Global Consciousness Project
If FieldREG responds to meaningful activity within small
groups, what about the entire planet? In August of 1998,
the PEAR lab's Roger Nelson and collaborators began building
a network of Random Event Generators to find out. This
ongoing project is known as the Global Consciousness Project,
or GCP.
Since 1998, the network has grown to about 65 host sites
around the world. Each site consists of a Random Event
Generator and computer, running custom software. The software
records a 200-bit trial sum once every second, continuously
over months and years. This data is then sent over the
internet to a server in Princeton, NJ, USA, where it is
archived and analyzed.
This kind of "global FieldREG" experiment has
allowed the GCP to monitor the network for significant
anomalies, which might be correlated to "global events,"

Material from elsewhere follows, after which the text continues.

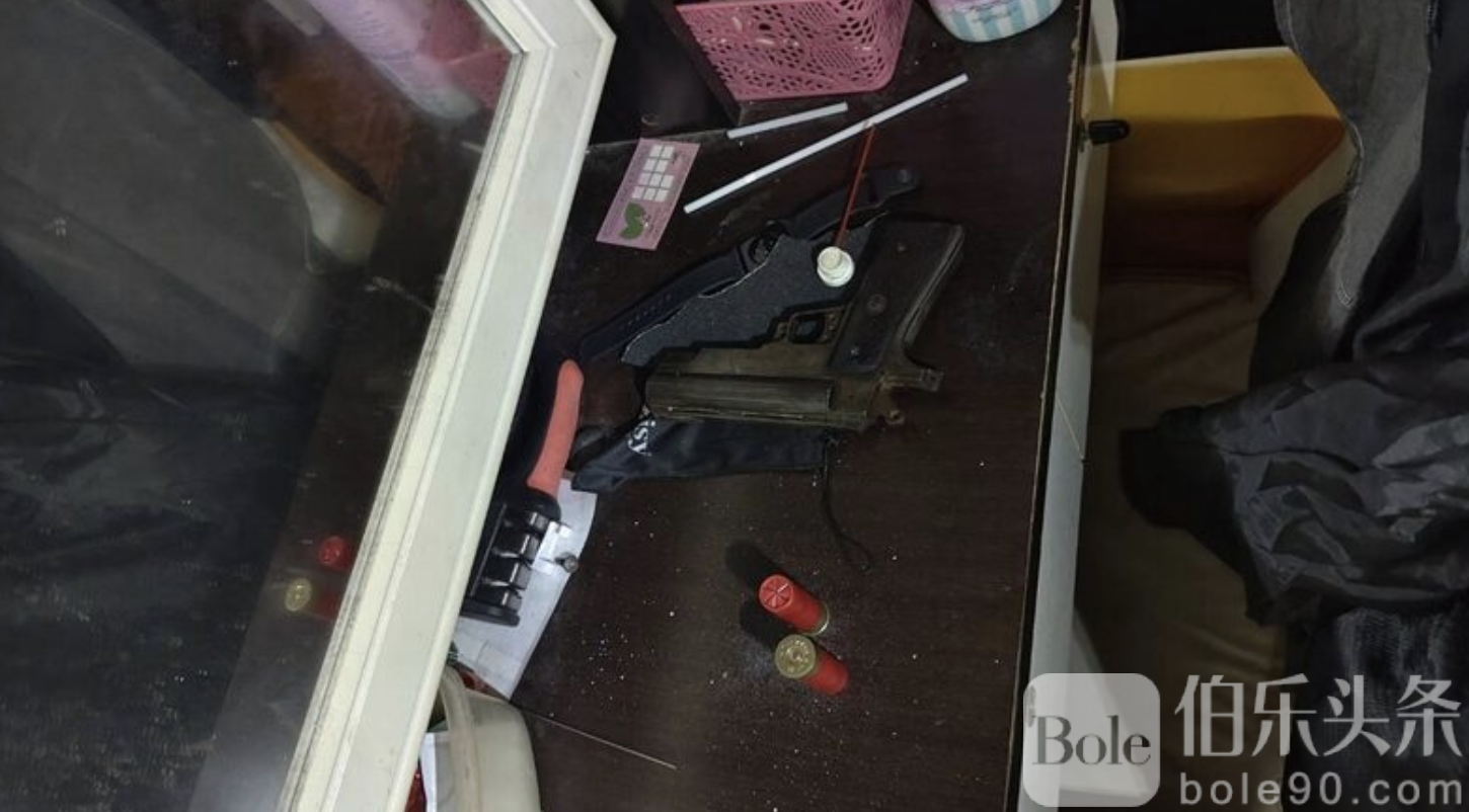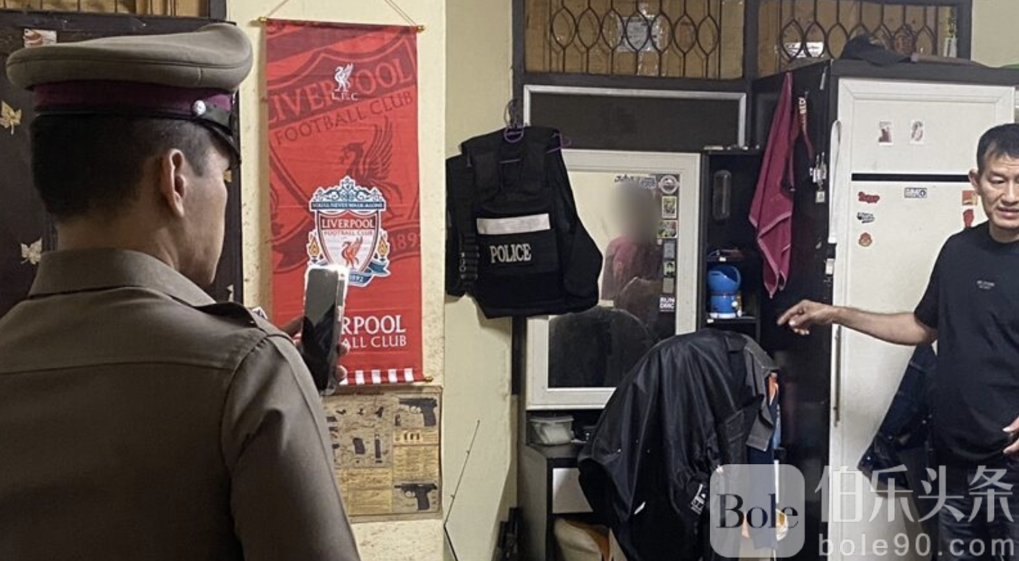 进一步勘查发现,房内抽屉及玻璃桌上放有两把泰制手枪、若干子弹,以及一件防弹背心。警方已将相关物品全部扣押,作为后续调查证据。

such as earthquakes, big elections, or major organized
meditations. These are occasions of large-scale shared
attention, and often of shared emotions.
A GCP investigation might go several ways. In one, a
particular world event is anticipated (such as the Superbowl),
after which, the cumulative data from the REG network
would be examined during or very near this time. Since
the cumulative REG data is supposed to be random, a statistically
significant deviation from chance results is considered
evidence of a relationship. In other words, what the GCP
would be measuring are changes in the "consciousness
field," but on a global scale.
Alternately, the REG network may be monitored for significant
anomalies, which correlate with unanticipated world events,
such as natural disasters. For example, during the May
27, 2006 earthquake, which killed 3,000 Indonesians, the
cumulative REG data deviated from expectation by z = 2.513
(1). The odds of this happening by chance are about 1
in 167. These results are actually typical for major earthquakes.

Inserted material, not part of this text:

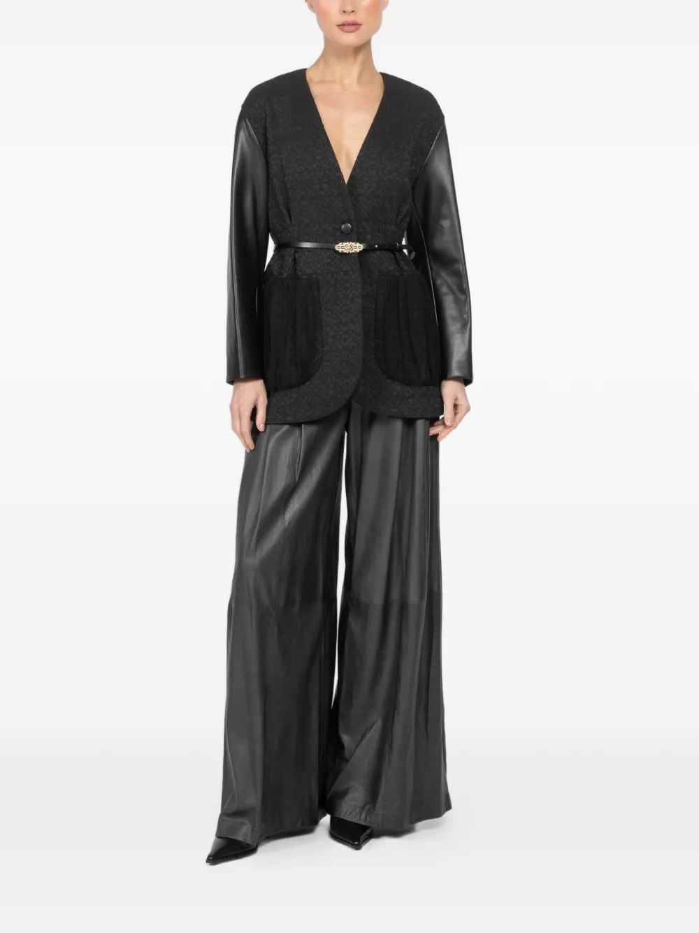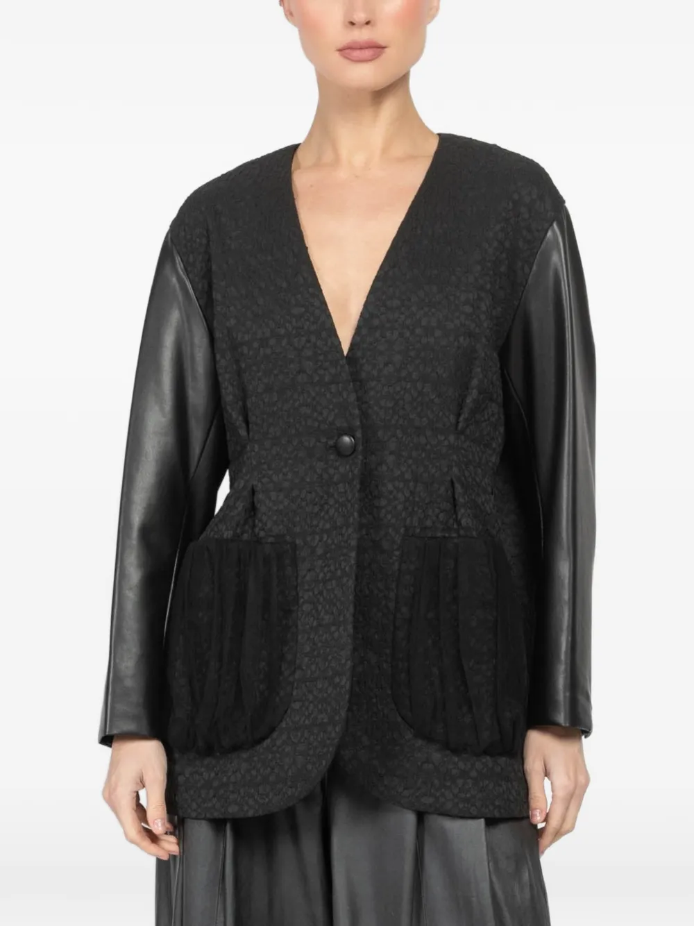 black textured finish panelled construction front pockets single-breasted button fastening

Strikingly, the GCP has found that the REGs will start
to show anomalies slightly before global events actually
happen. This happened with for the same Indonesian earthquake,
when the REGs began deviating about an hour before the
actual quake, and continued for 8 more hours. The speculation
is that some aspect of collective consciousness is, at
some level, able to sense significant oncoming events.

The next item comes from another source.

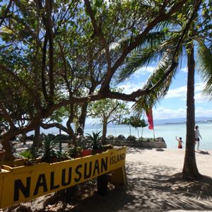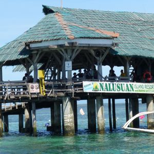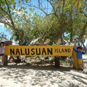 日本で予約して行きました。ホテルまで迎えに来てもらったのですが、道が渋滞していたらしく、20分程遅れて少し不安なスタートでした。ツアー会社に着くとすぐに出発しました。広い船で30分程でシュノーケリングポイントへ。海が透明でとてもキレイです。魚もたくさん見れました。45分間自由にシュノーケリングできました。大満足です。次はナルスアン島へ。桟橋に着き歩いて島まで行きます。両サイドがきれいな海でどこも絶景です。たくさん写真を撮りました。ランチはバーベキュー。1ドリンク付きなので、好きな物をオーダーします。マンゴージュース、パイナップルジュース、7UPくらいだったでしょうか。ビールは有料でした。ドリンクを飲んでいると次から次へと料理が運ばれてきます。スープ、海藻、大学芋の様な物、エビ、イカ、鶏肉、豚肉のバーベキューとご飯です。バーベキューの色は赤っぽく、どんな味だろうと思いましたが、食べてみるとやみつきになるくらい美味しかったです。完食しました‼︎食後はスイカやバナナやマンゴーのフルーツもたくさん頂きました。フルーツも甘くて美味しかったです。食後は島のビーチ⁇をお散歩しました。ビーチと言っても、広い砂浜がある訳ではないです。階段があるので海にも入ってみました。遠浅で写真を撮るにはいいポイントでした。私達は念のため水中メガネを持って行っていたので、浅瀬を少し泳ぎました。太陽の光で海底がキラキラと光り、きれいでした。海への出入り口付近は珊瑚がたくさんあり、ビーチサンダルを履いていないと足が痛いです。ガイドさんに写真も撮ってもらいました。まだまだ時間があったので、桟橋の広場に荷物を預け、桟橋の横でシュノーケリングをしました。ここもとてもキレイです。桟橋からガイドさんが魚の餌のパンを投げ入れてくれ、それに魚がたくさん寄ってきて、ありえない程の魚に囲まれました笑。こんな経験は2度と出来ないと思います。このツアーに参加してよかったと思いました。全体的に大満足です。セブ島に行った時はまた利用したいと思います‼︎

While it is unclear whether this collective consciousness
anticipates future events based on current events, or
whether it receives information about them by retro-causality
(mentioned before), the phenomena certainly seems promising
for mitigating damage and loss of life.
Roger Nelson and his collaborators believe that the GCP
is telling us something very important: that we are more
connected to each other than we realize, and that there
is real power in human focus and cooperation. Transcendental
Meditators believe this, too. They point to evidence from
their own studies that suggest city crime rates drop significantly,
when collective TM meditations are practiced there (2).
Keeping these two things in mind, perhaps we can learn
something about what it will take to achieve a more peaceful
existence in our communities and in the world.